Noting that “[t]he Occupational Safety and Health Administration (OSHA) in the United States Department of Labor has not adopted a heat stress standard,” Senate Bill 4243 requires the NJDOL to: (1) adopt a heat stress standard that establishes heat stress levels for employers that, if exceeded, trigger actions by employers to protect employees from heat-related illness and injury; and (2) adopt a requirement that each employer develop, implement, and maintain an effective heat-related illness and injury prevention plan for employees.

The heat-related illness and injury prevention plan is required, to the extent permitted by federal law: (1) to be developed and implemented with the meaningful participation of employees and employee representatives, including collective bargaining representatives; (2) to be tailored and specific to the hazards in the place of employment; (3) to be in writing in both English and in the language understood by a majority of the employer’s employees, if that language is not English; and (4) to be made available to employees, employee representatives, including collective bargaining representatives, and the NJDOL.

Under the bill, after initially creating a heat-related illness and injury prevention plan, employers are required to conduct an annual review to determine whether revisions to their plans are necessary. The bill further provides that the NJDOL may issue a stop-work order against the employer requiring cessation of all business operations if an employer is in violation of the bill’s provisions.

Several other bills that have not seen recent legislative action but remain pending and could be taken up at any time follow below.

Artificial Intelligence

Assembly Bill 4909 “regulates the use of automated employment decision tools during the hiring process to minimize employment discrimination that may result from the use of the tools.” The bill prohibits the sale of automated employment decision tools in the State unless: (1) the tool is the subject of a bias audit conducted in the past year prior to selling the tool or offering the tool for sale; (2) the sale of the tool includes, at no additional cost, an annual bias audit service that provides the results of the audit to the purchaser; and (3) the tool is sold or offered for sale with a notice stating that the tool is subject to the provisions of the bill. In addition, the bill provides that any person who uses an automated employment decision tool to screen a candidate for an employment decision is required to notify each candidate of the following within 30 days of the use of the tool: (1) that an automated employment decision tool, which is subject to an audit for bias, was used in connection with the candidate’s application for employment; and (2) the tool assessed the job qualifications or characteristics of the candidate.

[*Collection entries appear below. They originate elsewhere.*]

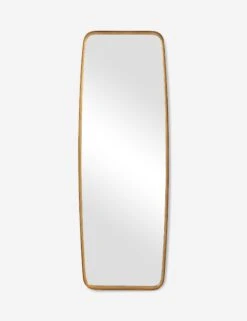 With a matte black or antiqued gold finish and subtly curved design, this full length wall mirror expertly combines a sleek, modern look with everyday functionality. This framed full body mirror is an ideal fit for your bedroom, walk-in closet, or your entryway.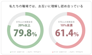 またコミュニケーションが活性化されることからストレスの原因について話す機会や、改善に向けて意見を言うことのできる環境も整っているのではないかと考えられ、まずSTELLAを増やすという行動自体が従業員全体に良い影響を及ぼすのです。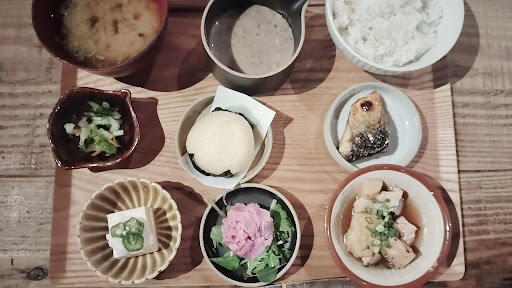 JRå·åŽé§ æ±å£ããåŸæ©çŽ5åãããããã¡ã°ãªéããé²ãã§ãæ§æ±æµ·éãšã®äº€å·®ç¹ãæž¡ã£ãŠãã峿ã®ã«ãªãšå·åŽãã«1éã«ãããŸãã éææ¥ã®ã©ã³ãã«äŒºããŸããã åºå ã¯æã£ããããåºããæšã®ã¬ãããã®ããå€å®¶é¢šãªé°å²æ°ã10æã ã£ãããšããããããŠã£ã³ã®é£Ÿãä»ãããã¡ãã¡ã«æœãããŠããŸããã å ¥ã£ãŠããå·ŠåŽã«4人æãããŒãã«åžãš6人æãããŒãã«åžãããã奥ãžé²ããšãåšæ¿åšãã«ã«ãŠã³ã¿ãŒåžã8åžããããš2人ã4人æãã®ããŒãã«åžã7åžããããããŸããå¥¥ã®æ¹ã«ã¯å°ãåºåããããããªããŒãã«åžãããã20åãããã¯åº§ãããã§ããã å°çããã®ã¯13æå°ãåãšããããšã§ãé ãã®ã©ã³ãã¿ã€ã ãªã®ããããåºå ã¯å®¶æé£ãäžçµãšãäžäººæ§ã®ã客ããã2人ã ã©ã³ãã¡ãã¥ãŒããã1çªäººæ°ã®æ°ééå®ãå±±èå±ã®æ°ãŸãã6çš®ã®ãã°ãããå®é£(ï¿¥1,300)ããšãæ¬ã®å€©ã·ãïŒãåºèº«ãšéºŠãšããã¯ãå®é£(ï¿¥1,650)ããæ³šæã ãå±±èã®å€ãæçåºããšããåºåã ããã£ãŠãã©ã®ã¡ãã¥ãŒã«ãããšããããä»ããŠããŸãããšãããèªç¶è¯ãå³åã§ãšãããé»ããšããããšå€§åèãšé·èãåºæ±ã§ãšãããçœããšãããã®ã©ã¡ãããéžã¹ãŸããå³åã§ãšããšããã®ãåããŠã ã£ãã®ãšãåºå¡ãããªã¹ã¹ã¡ãšããããšã§ãé»ããšãããã«ããŸããã ã©ã³ãã¿ã€ã æã¯ãåšæ¿åã«ãæãµããšæž©ãããè¶ãšå·ãããè¶ã眮ãããã»ã«ããµãŒãã¹ã«ãªã£ãŠããã®ã§ãã«ãŠã³ã¿ãŒåžååã䜿ããªããªã£ãŠããŸããã 5åãããã§ãæçãå°çã ãã°ãããã®æ¹ã¯é¯ã®å¡©çŒããå±±èãšé¶èã®ç ®ç©ã玫èã®ããããµã©ãããè±è ãæµ 挬ããæå€ªãšãã磯蟺æãã®ãã°ããã6çš®ãšé»ããšãããšã飯ãšãå³åæ±ãã©ããçŸå³ããã£ãã§ãããå人çã«ã¯æå€ªãšãã磯蟺æããšçŽ«èã®ãããµã©ãç¹ã«ãæ°ã«å ¥ããæ®éã®ãšããã®ç£¯èŸºæãã ãšæã£ãŠãããæå€ªåãå ¥ã£ãŠãŠçŸå³ã ã£ãã®ãšã玫èãçããŠã¹ã€ãŒãã®ããã§ããã ãåºèº«ã¯2çš®ããµã¯ãµã¯ã®å€©ã·ãã¯ãšããå«ãïŒçš®ãã©ããçŸå³ããã£ãã§ãã é»ããšããã¯ã»ãã®ãå³åã®é¢šå³ã§ããã£ãšãããªãããæã£ãããããã£ãããšé ããŸããã åºå¡ããã®æããè¯ãããäžäººæ§ã§ãå ¥ããããé°å²æ°ã§ããã£ãããšã©ã³ãã¿ã€ã ãæ¥œãããŸããã ãšã¯ãããã¿ã€ãã³ã°ã«ãã£ãŠã¯ãæŒæã¯æ··éããããã§ãããŸãã人æ°åºãªã®ã§å€ã¯äºçŽããæ¹ãè¯ãã¿ããã§ããã ...

Non-Disparagement Agreements

Assembly Bill 4521, which passed the Assembly in late 2022, amends the NJLAD to extend the law’s current restrictions on certain nondisclosure agreements (NDAs) to non-disparagement agreements, which are typically included in settlements of employment discrimination claims. The bill would reverse a recent judicial decision holding that non-disparagement clauses are not covered by the current NDA law.

Whistleblowers

Assembly Bill 5637, amends the New Jersey Conscientious Employee Protection Act (CEPA) to expressly provide “whistleblower” rights and protections to “C-Suite executives”—including a chief executive officer, chief operating officer, and chief financial officer—who object to, or refuse to, participate in an activity that they believe violates their fiduciary responsibilities.